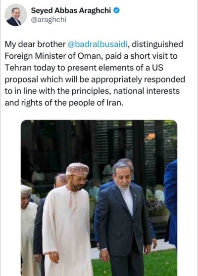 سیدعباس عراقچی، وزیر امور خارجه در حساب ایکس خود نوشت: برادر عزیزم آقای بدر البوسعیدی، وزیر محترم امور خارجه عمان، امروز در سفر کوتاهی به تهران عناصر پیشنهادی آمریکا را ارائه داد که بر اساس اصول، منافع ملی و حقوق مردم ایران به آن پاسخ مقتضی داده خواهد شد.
══════════════════════════════
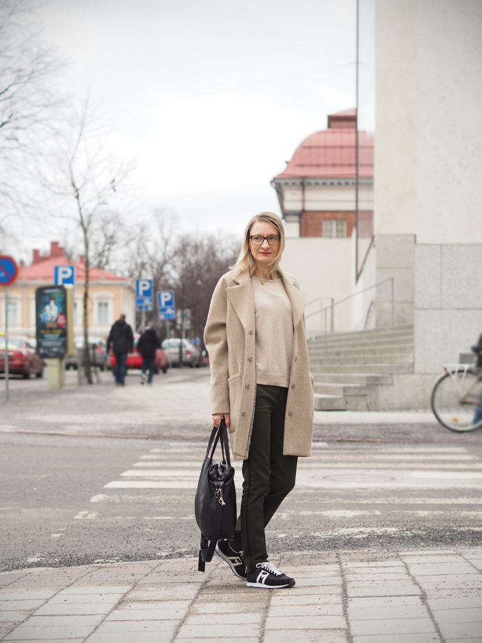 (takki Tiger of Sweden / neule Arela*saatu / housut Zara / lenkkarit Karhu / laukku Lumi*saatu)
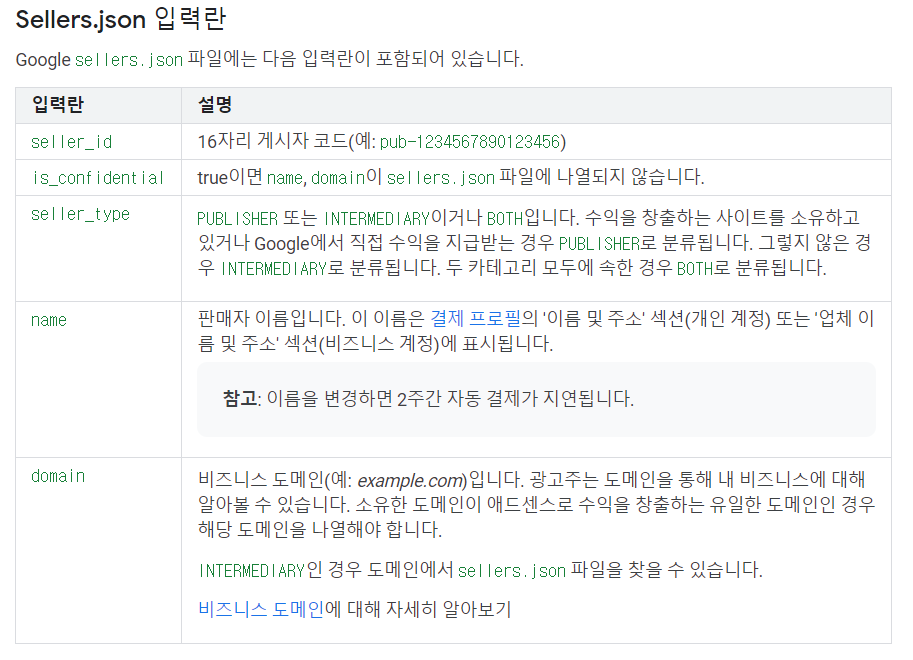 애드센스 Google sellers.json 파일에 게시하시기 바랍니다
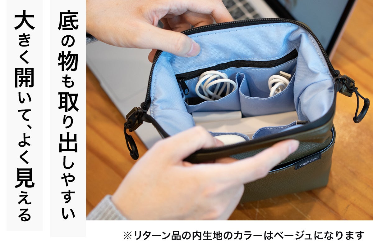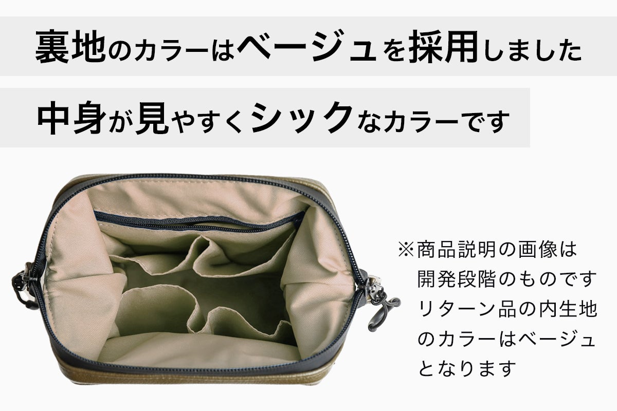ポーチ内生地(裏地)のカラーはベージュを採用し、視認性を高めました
══════════════════════════════
In the listing above, find the line with "애드센스 Google sellers.json 파일에 게시하시기 바랍니다" and the line with "ポーチ内生地(裏地)のカラーはベージュを採用し、視認性を高めました". Copy exactly those two and every line between, without the pictures.

 애드센스 Google sellers.json 파일에 게시하시기 바랍니다
ポーチ内生地(裏地)のカラーはベージュを採用し、視認性を高めました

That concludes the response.